No one believed that he and his team had found Homo sapiens within the belly of a deinocheirus, especially a deinocheirus that was so complete in its preservation and so surprisingly menacing in its construction. The whole thing simply seemed so entirely implausible, and even with all the evidence, no one was willing to recall Sir Arthur Conan Doyle's adage, “Once you eliminate the impossible, whatever remains, no matter how improbable, must be the truth.”
Before long, Doctor Ming-Zhen was horrified to hear many calling his discovery an absolute hoax, from the human remains to the deinocheirus itself. As this line of thought gradually came to be accepted by the media and, with them, most scientists, he was angered not only because of how unjust it was for him personally, but even
more so because of the damage it did to his team of pupils.
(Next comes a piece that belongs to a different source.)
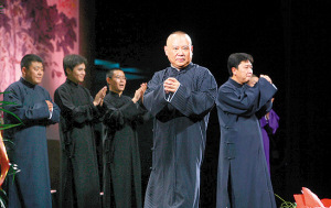 郭德纲、于谦合作10周年专场演出14日如约开场,现场座无虚席。此番亮相的郭德纲显得颇为低调,他在对话中表示,自己只是一个说相声的,“能力有限,水平一般”。此次演出郭德纲个人为舟曲灾区捐出了10万元,德云社和演出承办方也各捐出5万元,对于因为哀悼日而暂停的15日的演出,郭德纲表示:所有15日票的观众都可以去退票,也可以留着,等我们开演的时候继续使用。现在不是我们不订演出时间,实在是北展后面的演出太多了,一切需要重新协调。”

Then, the unthinkable happened.
One evening he was watching the news on a large screen, his wife standing behind him, when two of his students appeared on an interview. Undoubtedly buckling under the tremendous pressure brought to bear and determined to salvage their own careers, they told the world that the fossils were a chicanery and that their esteemed professor was a fraud.
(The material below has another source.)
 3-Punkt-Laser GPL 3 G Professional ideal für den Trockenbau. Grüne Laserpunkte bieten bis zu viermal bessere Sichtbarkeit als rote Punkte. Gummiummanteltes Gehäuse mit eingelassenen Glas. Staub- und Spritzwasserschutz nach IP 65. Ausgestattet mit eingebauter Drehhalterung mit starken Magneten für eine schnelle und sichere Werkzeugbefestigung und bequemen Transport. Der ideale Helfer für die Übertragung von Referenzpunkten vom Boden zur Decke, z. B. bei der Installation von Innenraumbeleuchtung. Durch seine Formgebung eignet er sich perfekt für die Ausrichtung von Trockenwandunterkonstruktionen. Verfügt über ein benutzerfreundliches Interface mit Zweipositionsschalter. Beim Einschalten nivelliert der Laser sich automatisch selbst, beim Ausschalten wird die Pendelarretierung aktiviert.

One was the carouser Chao. The other, his precious Jia Ling.
His wife placed a hand on his shoulder. “I am very sorry,” she said.
He could not muster a response. He was utterly devastated, and he was filled with a terrible rage against Chao, who had doubtless pushed Jia Ling into this treachery.
In short order, Doctor Ming-Zhen was labeled the greatest fraud of paleontology.
After that blow, the issue became a simple matter of faith, with a very small number of his closest friends and colleagues quietly accepting Doctor Ming-Zhen's testimony (because they knew his character), while the rest of the world chomped at the bit in zealous outrage, practically ready to have him hanged for scientific heresy.
Because he was the head of the Academy of Sciences Institute of Vertebrate Paleontology and Paleoanthropology, the institution itself was castigated. Calls were made for his resignation. He found himself shunned at the institution by all but a handful of professors.
Because he did not resign, the Academy of Sciences, and, by virtue of equivalence, all of Chinese paleontology took the fall. There were many claims from the West that this was only the pinnacle in a series of fallacious discoveries. Papers were rejected for publication on the basis of mere suspicion. New discoveries were ignored, scrutinized to the point of exhaustion. It was a catastrophe for Chinese science.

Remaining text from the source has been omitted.